Identification et trait ; comment ne pas penser à l’einiger Zug freudien ? Lors du coup de foudre amoureux, il est quelquefois possible de repérer un trait identificatoire : une chevelure, une tessiture de voix, une démarche, … Imaginez, ne fût-ce qu’un instant, qu’il y ait quarante-six de ces traits, comme c’est le cas dans la liste qui nous est parvenue. Cela aurait pour effet de rendre impossible toute rencontre amoureuse. J’ai donc procédé à l’inverse : tenter d’isoler dans la série l’einiger Zug qui s’est avéré opérant dans mon coup de foudre pour une communauté thérapeutique.

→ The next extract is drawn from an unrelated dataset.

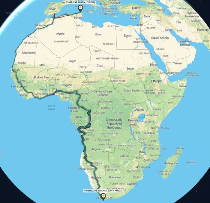 He started out at Cape Angela in Tunisia, Africa’s northernmost point, on January 3. ExplorersWeb last updated on Liechti’s progress when he had reached the Republic of Congo, after two weeks in military detention in Cameroon.

J’ai retenu celui de l’ambiance, sous lequel viennent se ranger aussi bien l’hospitalité chère à Jean Oury – comme nous le rappelait hier Etienne, en guise de préambule – que l’accueil, tel que Jean-Noël nous l’a fait résonner ce matin dans une dimension qui exige bien plus que la seule sympathie. J’y adjoindrais pour ma part deux illustrations supplémentaires entendues dans le déroulement des interventions : d’une part, le retour particulièrement insistant sur l’histoire, introduit d’emblée par Yves Lecomte sous le titre « Miser sur les expériences passées »[1] et tout à fait central dans les propos conclusifs de Marcel Sassolas ; d’autre part, la place réservée à l’accueil des anciens résidents, comme c’est le cas du chœur évoqué par le professeur Ciompi ou le repas mensuel organisé à la Traversière. Avec ces deux derniers exemples, nous avons là une spécificité des communautés thérapeutiques qui nous distingue radicalement d’un service hospitalier, où nul ancien ne vient rendre visite pour donner de ses nouvelles et en prendre des uns et des autres et où, généralement, aucun travailleur ne prend le temps de refaire l’histoire du service depuis sa création. Quant à la dimension plus générale de l’ambiance, il suffit d’être sur place pour réaliser qu’elle est tout à fait autre…


Marc Minnen

Mai 2014


[1] Dans la mesure où la mise d’un pari porte, en principe et à moins que le dit pari ne soit truqué, sur un événement qui n’a pas encore eu lieu, il y avait dès lors une dimension anachronique – équivalent étymologique grec de l’intempestif latin ! – dès le propos introductif de ce colloque.